Check if the ensemble has converged based on burn probability stability.

check_convergence(result::EnsembleResult, threshold::T = T(0.01)) -> Bool

get_exceedance_probability

Get probability of burned area exceeding a threshold.

get_exceedance_probability(result::EnsembleResult, area_threshold::T) -> T
# What's the probability of burning more than 2 acres?
prob_exceed = get_exceedance_probability(result, 2.0)
println("P(burned area > 2 acres) = $(round(prob_exceed * 100, digits=1))%")
P(burned area > 2 acres) = 93.3%

get_percentile_fire

Get the ensemble member closest to a given percentile of burned area.

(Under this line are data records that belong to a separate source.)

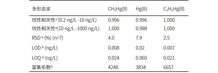 注:a:样品量为5mL。RSD是基于多次测量0.5 ng L-1的二价汞和烷基汞得到的相对标准偏差。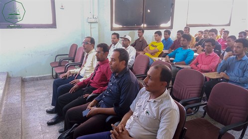 The lecture was attended by the Vice President of the University, Prof. Sadeq Omar Maknoon, the Dean of the Faculty of Computer, Dr. Hassan Abdel Muttalib Mugaibel, the Dean of the Faculty of Arts, Dr. Hussein Al-Aidarous, the Head of the Information Technology Department, Dr. Muhammad Wahdeen, and the Director of Activities, Mr. Muhammad Salem Al-Buri.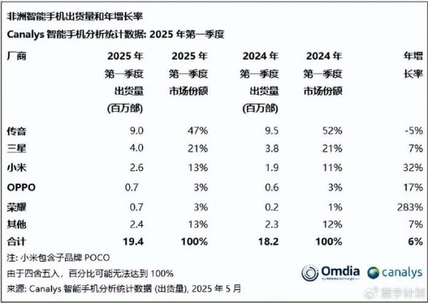 5 月 27 日,Canalys发布了2025年第一季度非洲地区智能手机市场报告,数据显示尽管传音在2025年第一季度的非洲智能手机市场依然占据主导地位,以900万部的出货量和47%的市场份额稳居第一,但其同比下滑5%的业绩,与小米的迅猛增长形成了鲜明对比。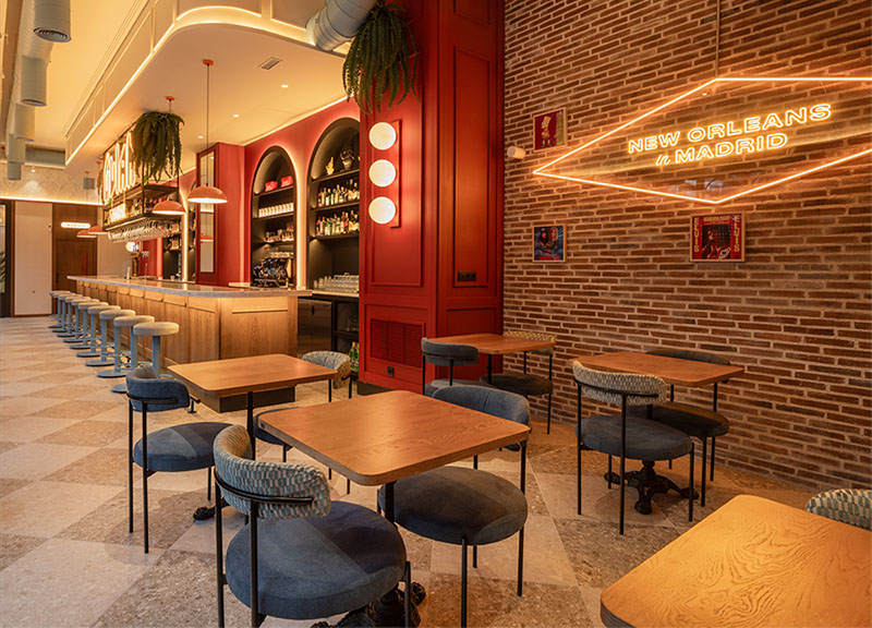 Si no lo conoces todavía. La historia de Gulah huele a novedad. Abrió sus puertas a mediados de 2025 de la mano de Jesús González Espartero, al frente del Grupo Alma of Spain. Es un restaurante informal, pero con una estética cuidada al milímetro. Gracias a la mano de Néstor Marcos Architecture tiene un diseño clásico que traslada al barrio francés de Nueva Orleans con detalles de vegetación como los de los edificios coloniales y toques industriales. Una enorme barra capta las miradas nada más entrar, y también hay mesas altas y bajas, zonas de paredes de ladrillo visto, televisión para disfrutar de eventos deportivos, y unas amplias cristaleras que dan luminosidad al local y permiten ver la siempre animada terraza.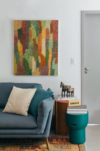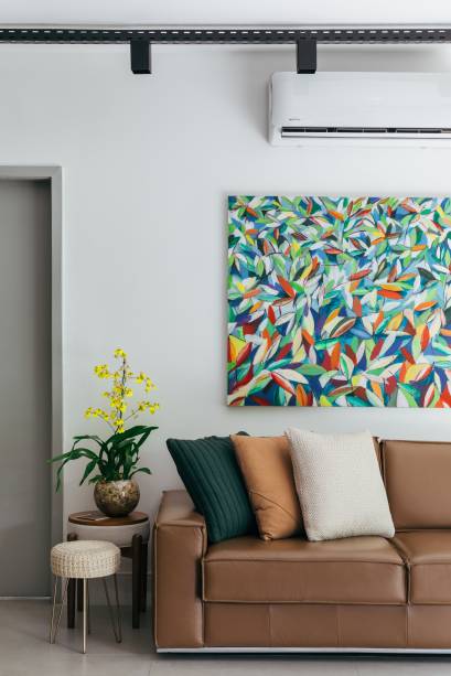 “Nos apaixonamos pela vista incrível e, mesmo sabendo que a reforma seria enorme, resolvemos encarar a compra do imóvel. Aproveitamos ao máximo os seus 140 m² e o pé-direito alto – um dos destaques do local. Além de dar a sensação de amplitude, é perfeito para atender às necessidades do meu marido que tem 2 m de altura”, conta Ana.
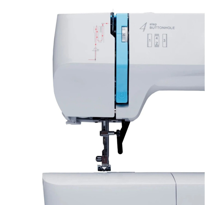 шиття подвійною голкою, швидка заміна лапок/універсальне кріплення, дворівневий підйом лапки/до 14 мм, посилений нижній транспортер, працює з різними видами тканин, система автоматичного намотування шпульки, клавіша реверсу шиття для закріплення строчки,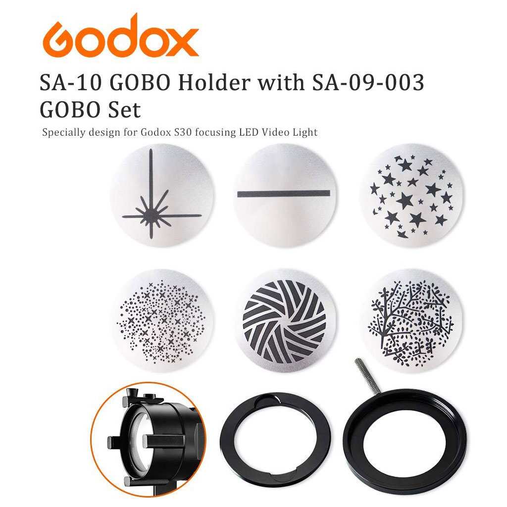 La linea di accessori Godox SA-09, in tutte le sue varianti, presenta un set da 6pz, con ciascuno una forma diversa. Questi accessori sono compatibili con il faro Godox S30 e possono essere montati su di esso tramite il supporto SA-10 (acquistabile separatamente). I patterns sono realizzati in metallo, così da essere rigidi e duraturi nel tempo.
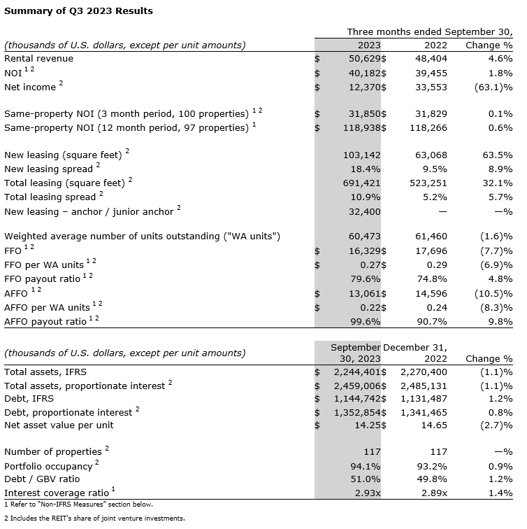 Most of the REIT's total debt is fixed with a weighted-average interest rate of 4.2 per cent, and there remains positive leverage between the current cost of financing and the REIT's third quarter 2023 international financial reporting standard value at a 7.0-per-cent capitalization rate.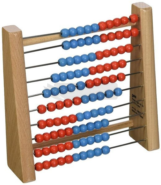Liczydło drewniane z metalowymi prętami. 100 kulek w dwóch kolorach: czerwony i niebieski.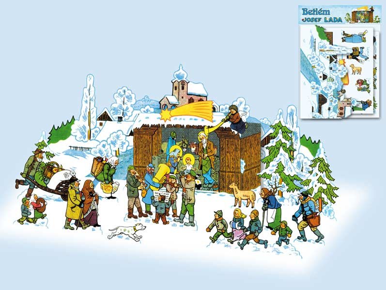 The LADA cut-out, easily assembled nativity scene, without the use of glue or scissors. Legendary illustrations by Josef Lada in the form of a beautiful nativity scene that will enliven your room and set a Christmas atmosphere at home. Here you will find the drawn figures of Josef Lada; you just need to push them out of the base and then assemble them into their final form. The nativity scene is made of 2 mm thick cardboard.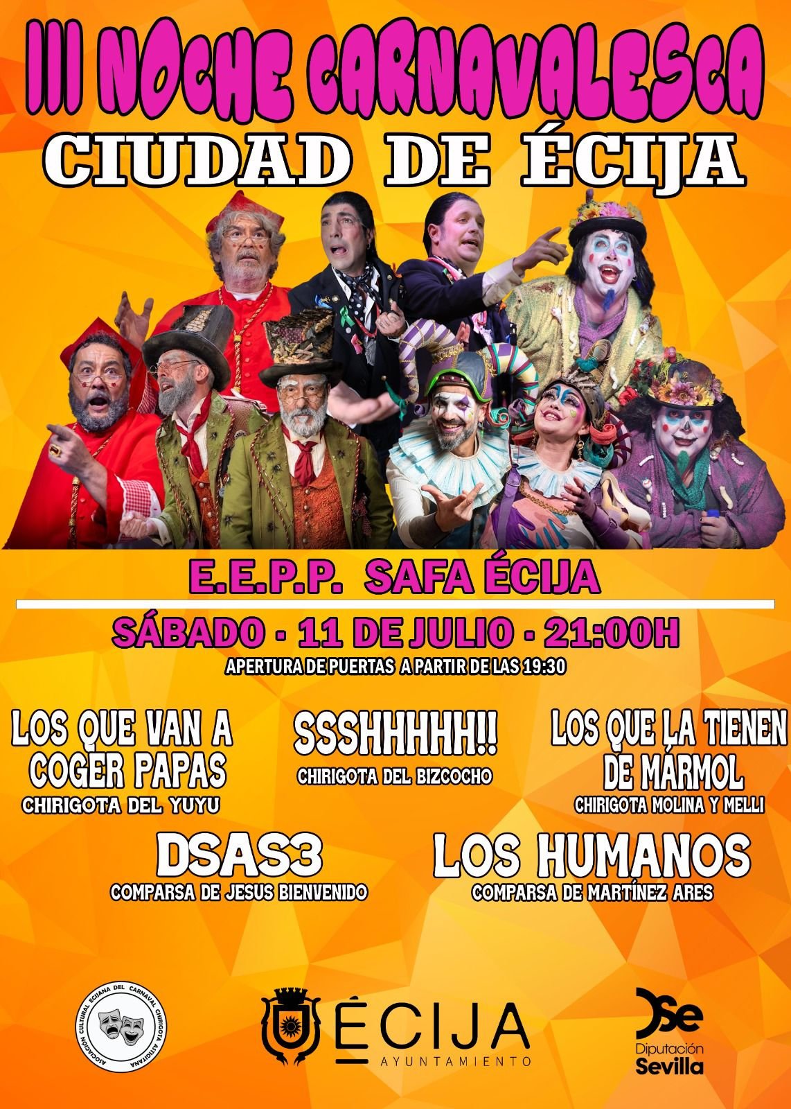 Jul 11 III Noche Carnavalesca en Écija 21:00 - 23:59 EEPP SAFA Écija Av. Dr. Sánchez Malo, 75, Écija Detalles de Evento Cómo llegar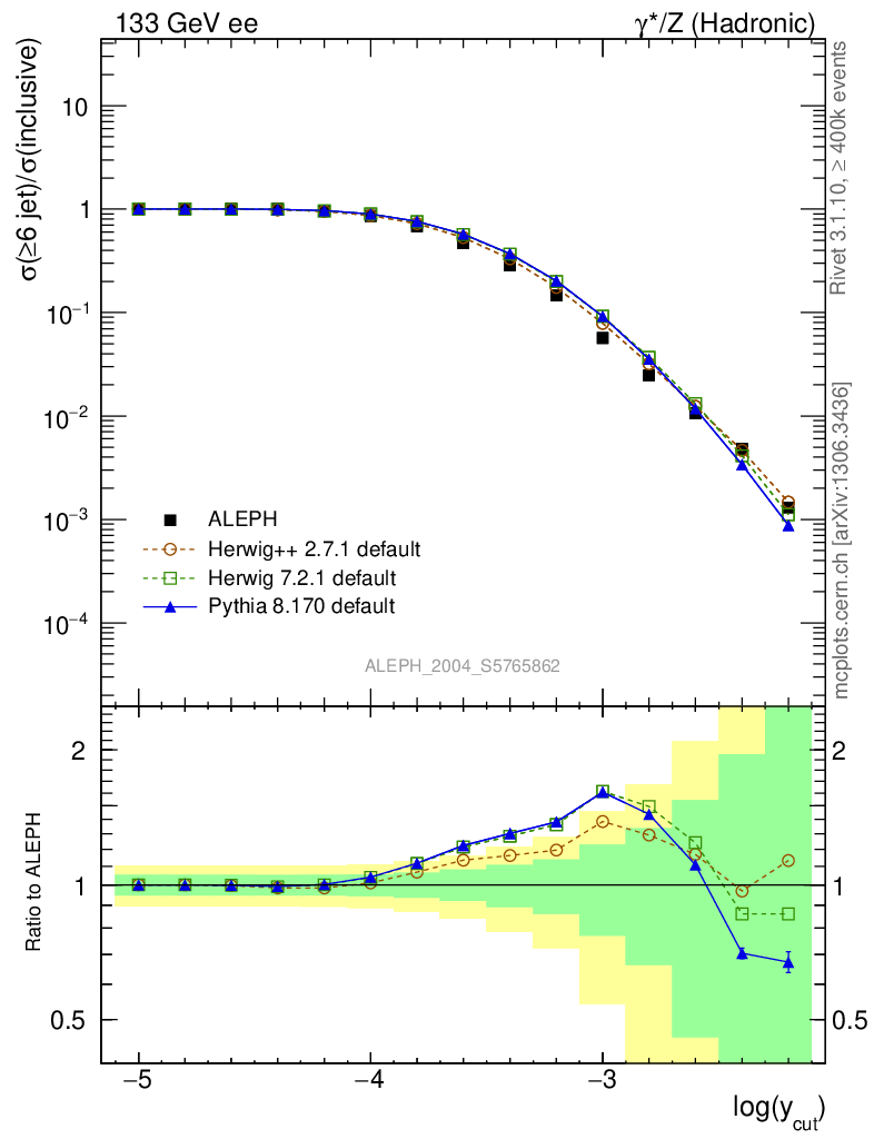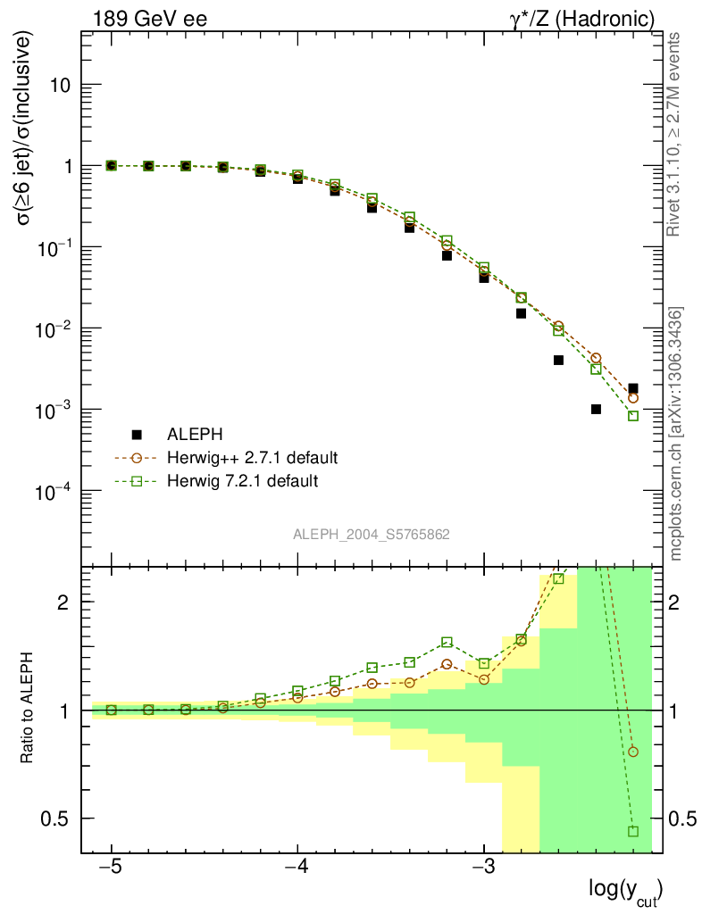 ee : γ*/Z (hadronic) : Jet rates : >Six-jet fraction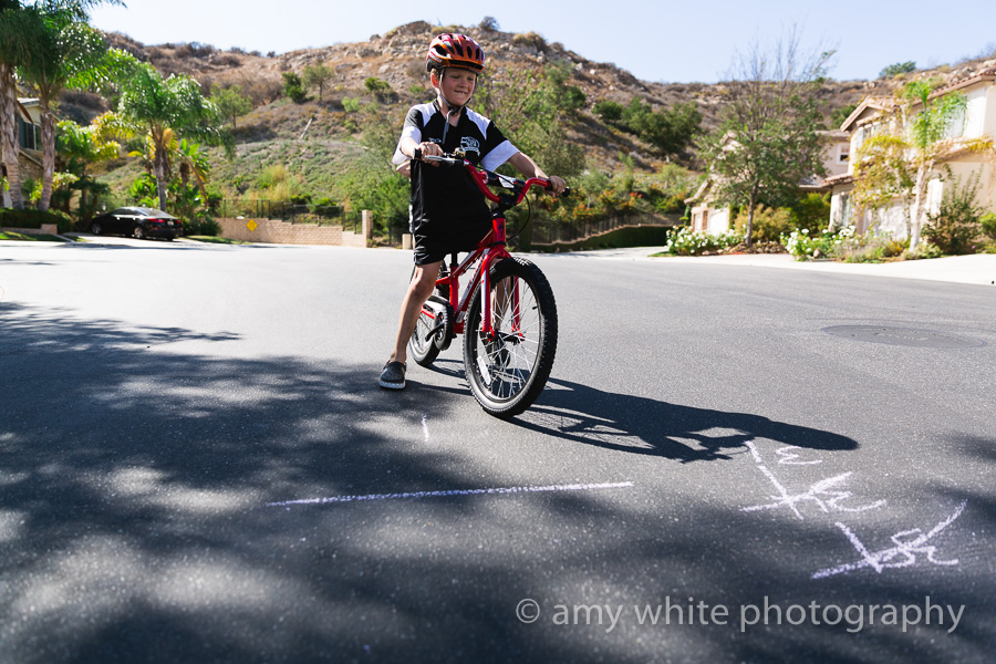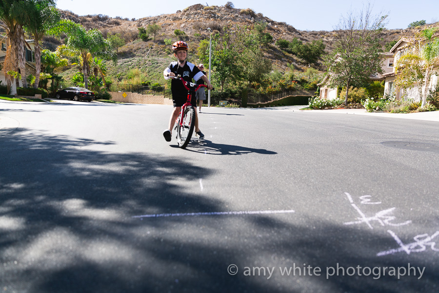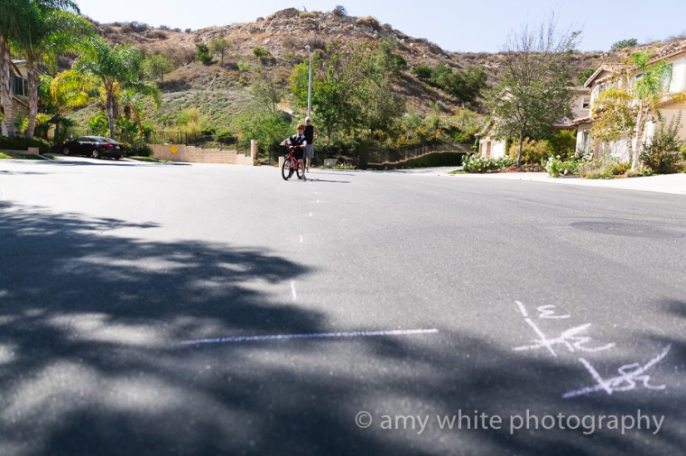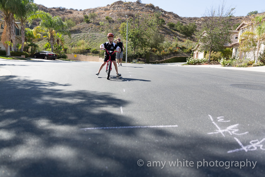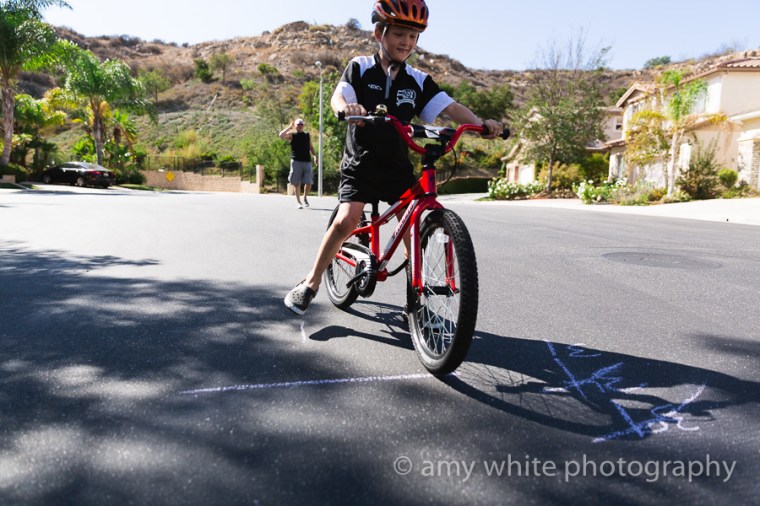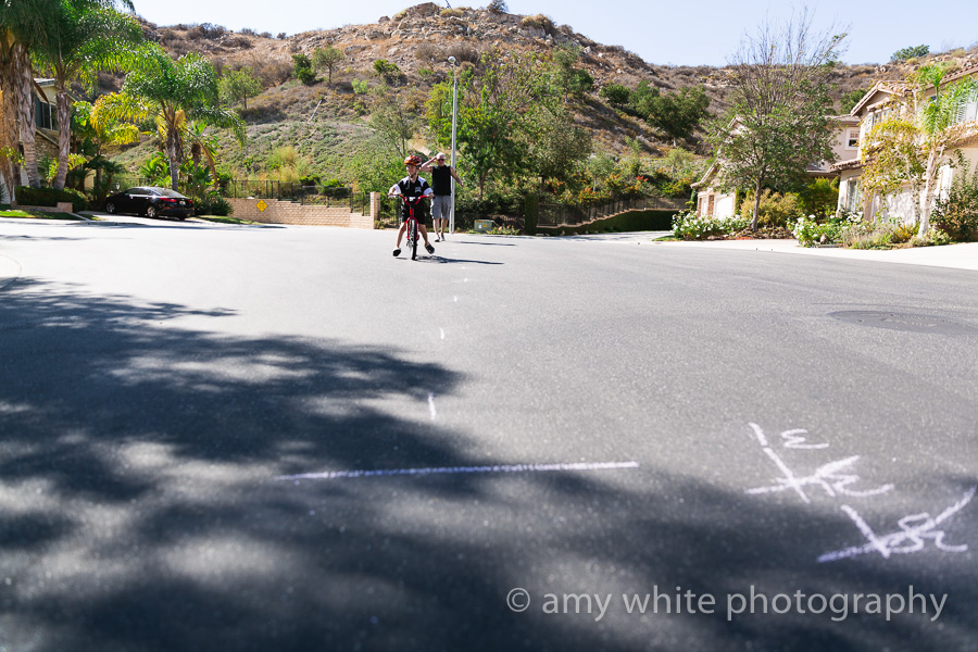 We just got all of our bikes tuned up, and boy did then need some tuning. We took the training wheels and pedals off of Quinn\’s bike. Trying to teach him to glide and balance on the bike. Don was encouraging him to take great big strides and we were counting how many strides from one line to another. You can see he was improving each time.

get_percentile_fire(result::EnsembleResult, percentile::T) -> EnsembleMember

Visualization

Burn Probability Map

heatmap(result.burn_probability',
    title = "Burn Probability",
    color = :YlOrRd,
    clims = (0, 1),
    aspect_ratio = 1,
    xlabel = "X (cells)",
    ylabel = "Y (cells)"
)

Comparing Percentiles

# Run larger ensemble for percentile analysis
config_large = EnsembleConfig{Float64}(
    n_simulations = 50,
    base_seed = UInt64(123),
    perturbation = PerturbationConfig{Float64}(
        wind_speed_factor_range = (0.7, 1.3),
        wind_direction_std = 25.0
    ),
    save_individual_results = true
)

result_large = run_ensemble!(
    config_large, state_template,
    fuel_ids, fuel_table, weather,
    slope, aspect, 40, 40, 0.0, 25.0;
    show_progress = false
)

# Get percentile fires
p10 = get_percentile_fire(result_large, 0.10)
p50 = get_percentile_fire(result_large, 0.50)
p90 = get_percentile_fire(result_large, 0.90)

plots_arr = [
    heatmap(p10.burned', title = "10th percentile\n$(round(p10.burned_area_acres, digits=1)) acres",
        color = :YlOrRd, aspect_ratio = 1, colorbar = false),
    heatmap(p50.burned', title = "50th percentile\n$(round(p50.burned_area_acres, digits=1)) acres",
        color = :YlOrRd, aspect_ratio = 1, colorbar = false),
    heatmap(p90.burned', title = "90th percentile\n$(round(p90.burned_area_acres, digits=1)) acres",
        color = :YlOrRd, aspect_ratio = 1, colorbar = false)
]

plot(plots_arr..., layout = (1, 3), size = (900, 300))

Burned Area Distribution

if !isempty(result_large.members)
    areas = [m.burned_area_acres for m in result_large.members]

    histogram(areas,
        xlabel = "Burned Area (acres)",
        ylabel = "Frequency",
        title = "Distribution of Burned Area",
        bins = 15,
        legend = false
    )
end

Best Practices

Ensemble Size

  • Small ensembles (20-50): Quick analysis, rough probability estimates
  • Medium ensembles (100-200): Good balance of accuracy and speed
  • Large ensembles (500+): High-precision probability maps, convergence testing
# Check convergence history
if !isempty(result_large.convergence_history)
    plot(result_large.convergence_history,
        xlabel = "Ensemble Member",
        ylabel = "RMS Change in Burn Probability",
        title = "Convergence History",
        linewidth = 2,
        legend = false
    )
end

Perturbation Settings

Uncertainty Level Wind Speed Range Wind Dir Std Moisture Range
Low (0.9, 1.1) 10° (0.95, 1.05)
Moderate (0.8, 1.2) 20° (0.85, 1.15)
High (0.7, 1.3) 30° (0.75, 1.25)
Very High (0.5, 1.5) 45° (0.6, 1.4)

Reproducibility

Always set a base seed for reproducible results:

config = EnsembleConfig{Float64}(
    n_simulations = 100,
    base_seed = UInt64(12345)  # Set for reproducibility
)

Each ensemble member uses base_seed + member_id as its random seed.

Parallel Execution

Use run_ensemble_threaded! for multi-core execution:

# Start Julia with multiple threads: julia -t 8
result = run_ensemble_threaded!(config, ...)

Thread scaling is approximately linear up to the number of physical cores.